Experiment (Optional): Analyze the significance of a metric based on Experiment IDs and Variant IDs currently being shared with Kubit.
This Mode is only available for Customers that have shared specific Experiment type data with Kubit. If you do not have this available don't worry! You are still able to use the other 2 Modes.
Breakdown: Analyze the significance of a metric based on a field and the values within it.
This Mode is best if you have a field that denotes an experiment or different experience that you typically breakdown by.
Note that the breakdown value must be present in the resulting measure. More about that below.
Segments: Analyze the significance of a metric based on cohorts of users.
This mode is best if you assign users to experiments or different experiences with a single "assignment" event.
Create a Cohort of users who saw that assignment event with specific IDs to segment your control and variate groups.
Experiment Mode
Note that this Mode is only available for customers with the following fields:
Experiment ID or Name
AND a Variant ID or Name
Values are mapped to the User and not a specific event (i.e. an assignment or audience event)
If your experiment data is mapped to a specific event we recommend you use the Segment Mode described below.
In Experiment Mode you will build your analysis by selecting the relevant Experiment ID and related Experiment Variants to isolate the correct audiences.
Kubit will map these fields according to your data and this Mode will be visible once mapped and enabled.
Breakdown Mode
When you're analyzing the lift or impact of metrics and aren't capturing typical experiment information you're still able to measure lift from the other values within your dataset. Some examples include User Type, Platform, Subscription Type, Country etc.
Within Significance you are able to built a report based on the breakdown of a Field value.
If your breakdown value has more than 2 groups you're able to add additional Variants with the "+ Add Variant" option.
Segment Mode
Similar to Breakdown mode however instead of a Field you are Segmenting users based on their presence in a Saved Cohort.
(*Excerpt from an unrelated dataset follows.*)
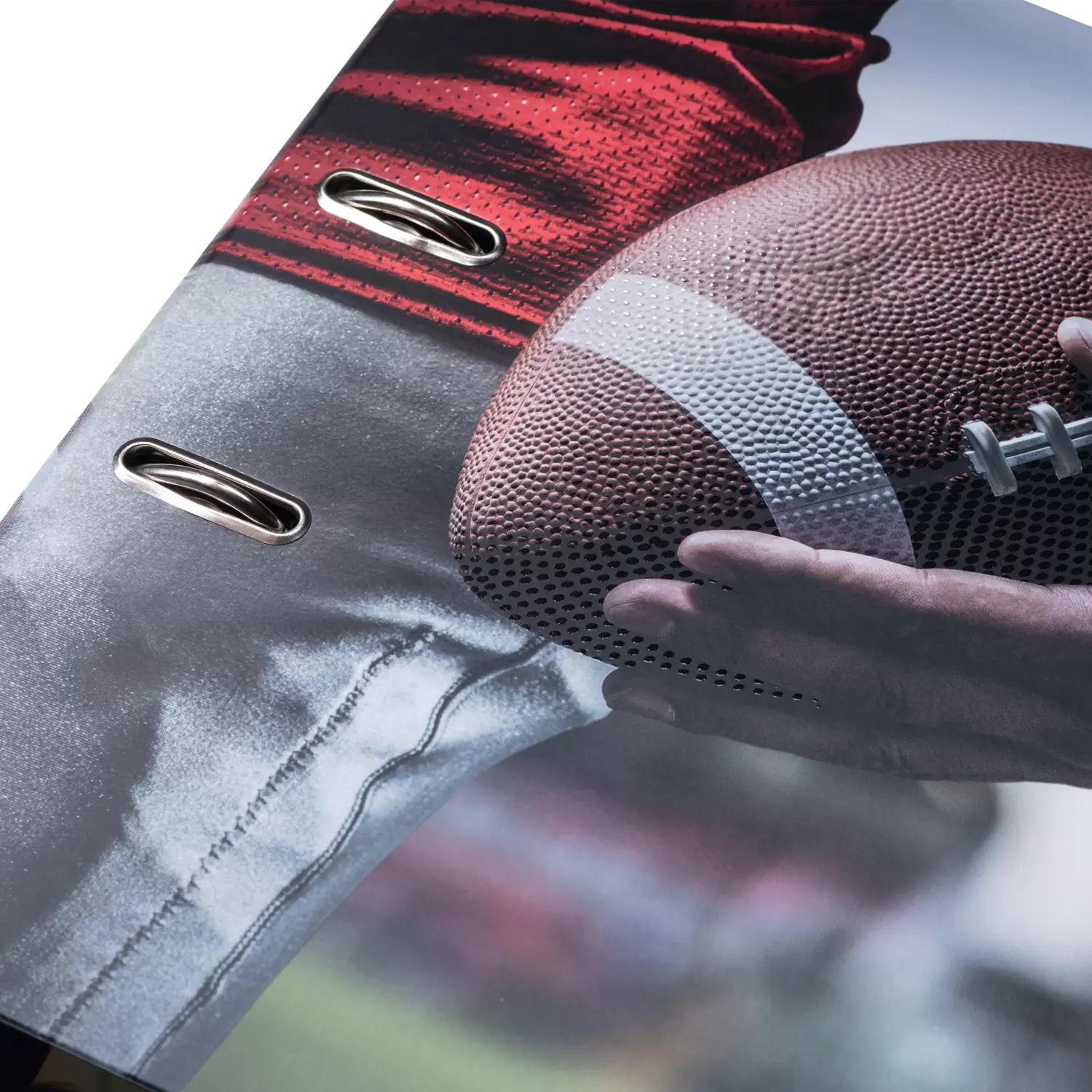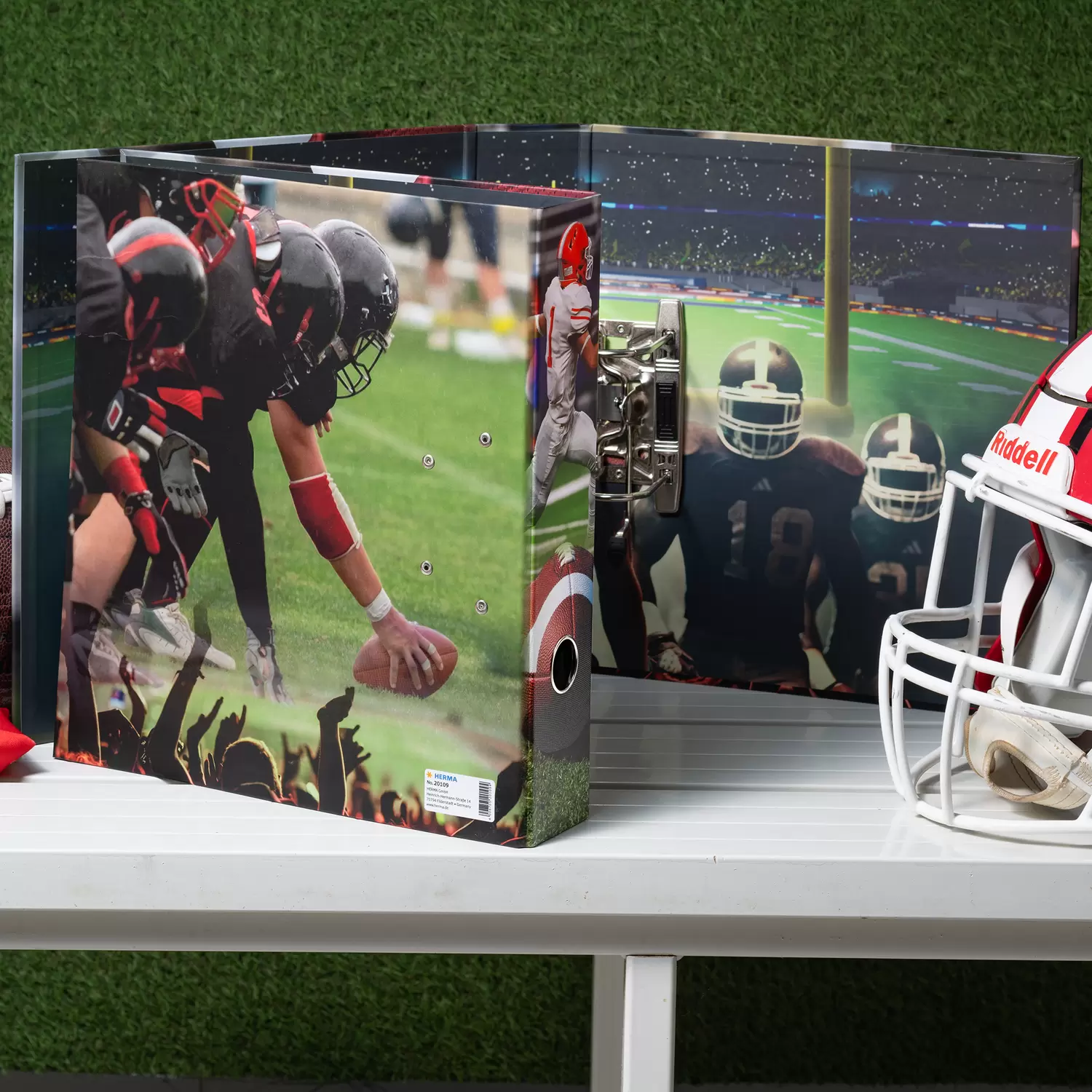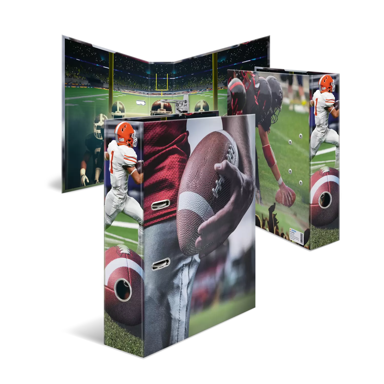 For real American football fans: This high-quality, refined file with authentic American football motifs of the SPORT series brings the dynamism and team spirit of the sport directly to your desk! Just like the sport itself, the file impresses with its robustness, strategy and versatility. With its sturdy construction, high-quality lever arch mechanism and premium workmanship, it ensures perfect organisation, whether at school, in the office or at home. For all those who value strong performance and teamwork - this file is a must-have for everyday use!

First you'll want to build and save the Cohorts you want to compare using the Cohort options, read more here.
Cohorts that have not been Saved will not appear in the Segment Mode dropdown.
Once the Cohorts have been built you will select them into the relevant Segments of Control and Variant(s).
Other Selection Options
No matter the Mode you decide to use there are 3 options available to customize the parameters of your analysis.
Hypothesis Test
One-Tail Test
Looks for an effect in one direction (e.g., better or worse).
Two-Tail Test
Looks for an effect in both directions (e.g., different, whether better or worse).
Use a one-tail test for a specific direction and a two-tail test for any difference.
P-Value
Description
The p-value tells us how likely it is to see our data, or something more extreme, if the null hypothesis is true.
Range: It goes from 0 to 1.
How to Interpret P-Value
If the p-value is less than 0.05, it means our result is statistically significant, and we should consider rejecting the null hypothesis.
Confidence Level
Description
The confidence level indicates the likelihood that observed differences between versions A and B are real, not random.
Range: Typically given as a percentage (e.g., 95% confidence level).
How to Interpret Confidence Level
A 95% confidence level means we are 95% confident that the true difference between versions A and B lies within the calculated interval.
Metric Selection
Once you've established the variants to be analyzed against one another now you must select the metric you are interested in seeing the impact on. To use an example, if you are running an A/B test on an experience to improve check out events then the "Check Out" event count would be the metric you'd select.
A Metric should be relevant to the analysis and/or experiment you've selected and be something that enough users performed to yield a significant result. If you select a metric that is too unique or too few users perform there may not be enough data to product a meaningful result.
Metric Options
Measure: Select from a list of Saved Measures to compare the results of each significance group.
Query: Select from a list of all Queries (that meet the criteria below) to compare the resulting Measure.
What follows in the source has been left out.